-- MATERIAL TO PROCESS follows --
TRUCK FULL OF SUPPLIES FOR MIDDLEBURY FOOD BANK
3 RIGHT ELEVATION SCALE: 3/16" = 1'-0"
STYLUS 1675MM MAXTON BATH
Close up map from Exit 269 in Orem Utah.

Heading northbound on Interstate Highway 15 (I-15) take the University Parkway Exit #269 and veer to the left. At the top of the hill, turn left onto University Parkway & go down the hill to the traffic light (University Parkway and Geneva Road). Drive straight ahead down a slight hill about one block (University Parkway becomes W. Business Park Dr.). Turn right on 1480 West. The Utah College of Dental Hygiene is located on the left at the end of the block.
-- MATERIAL TO PROCESS concluded --
-- MATERIAL TO PROCESS follows --
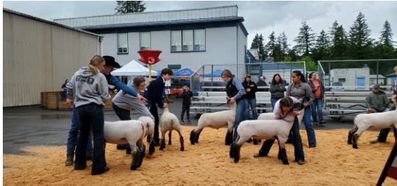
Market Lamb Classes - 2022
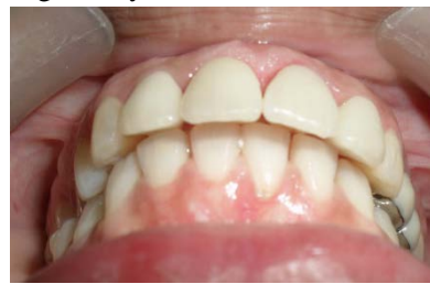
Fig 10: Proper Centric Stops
-- MATERIAL TO PROCESS concluded --
**WORK TO BE COMPLETED:**
Give back, word for word, only the lines above from the line holding "TRUCK FULL OF" to the line holding "Close up map from Exit 269 in Orem Utah.", both included.

**ANSWER TO THE EXERCISE:**
TRUCK FULL OF SUPPLIES FOR MIDDLEBURY FOOD BANK
3 RIGHT ELEVATION SCALE: 3/16" = 1'-0"
STYLUS 1675MM MAXTON BATH
Close up map from Exit 269 in Orem Utah.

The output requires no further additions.